• [DATASET CONTENT]
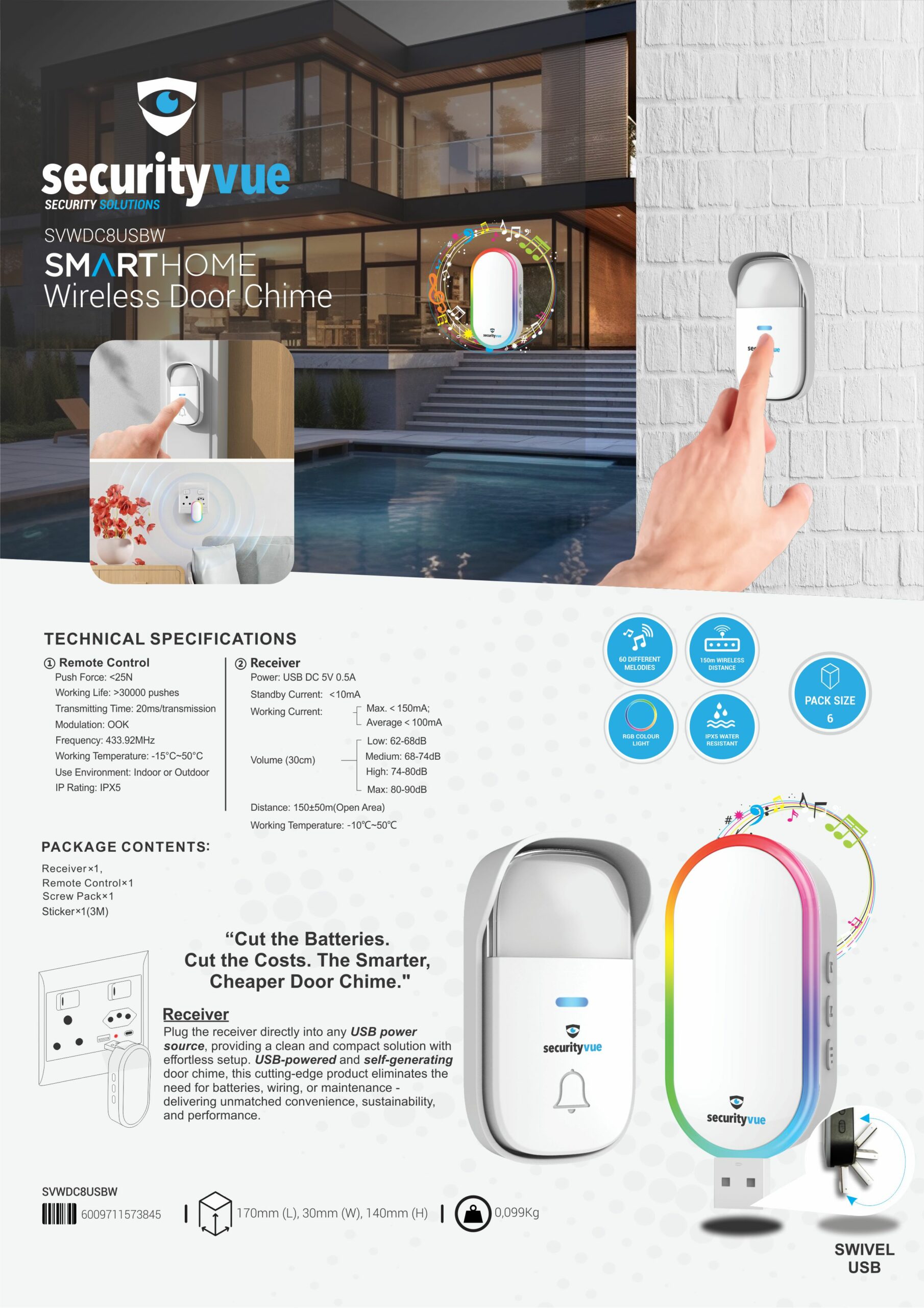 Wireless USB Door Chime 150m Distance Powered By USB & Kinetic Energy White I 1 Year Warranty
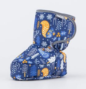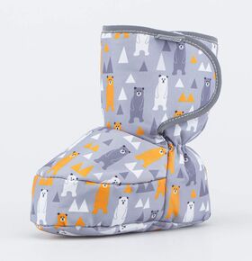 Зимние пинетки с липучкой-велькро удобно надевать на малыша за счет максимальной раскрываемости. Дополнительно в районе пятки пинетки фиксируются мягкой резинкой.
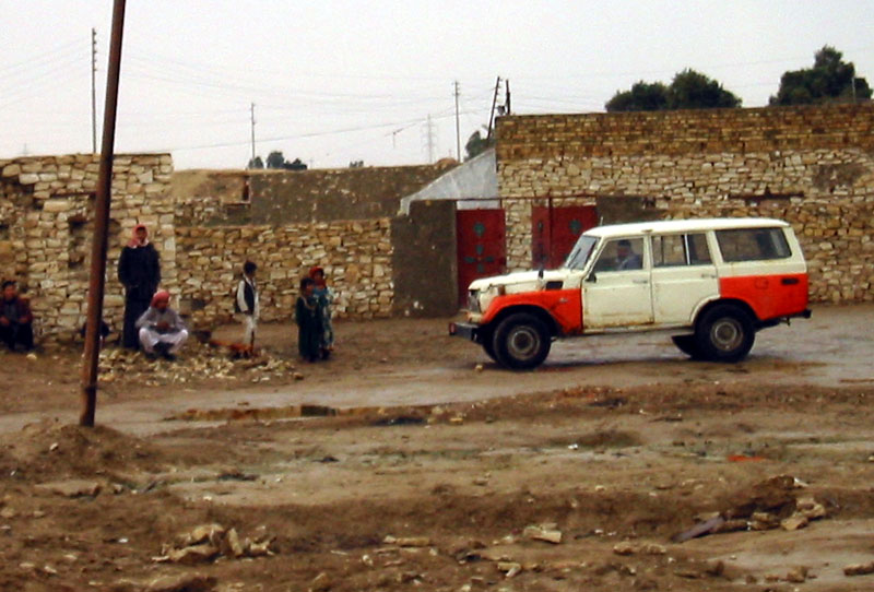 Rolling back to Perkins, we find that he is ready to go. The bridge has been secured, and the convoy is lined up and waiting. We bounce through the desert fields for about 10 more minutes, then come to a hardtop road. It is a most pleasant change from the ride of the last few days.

• [EXERCISE BRIEF] Keep the pictures out of the copy and write out the data exactly as it stands.

• [REPLY]
 Wireless USB Door Chime 150m Distance Powered By USB & Kinetic Energy White I 1 Year Warranty
 Зимние пинетки с липучкой-велькро удобно надевать на малыша за счет максимальной раскрываемости. Дополнительно в районе пятки пинетки фиксируются мягкой резинкой.
 Rolling back to Perkins, we find that he is ready to go. The bridge has been secured, and the convoy is lined up and waiting. We bounce through the desert fields for about 10 more minutes, then come to a hardtop road. It is a most pleasant change from the ride of the last few days.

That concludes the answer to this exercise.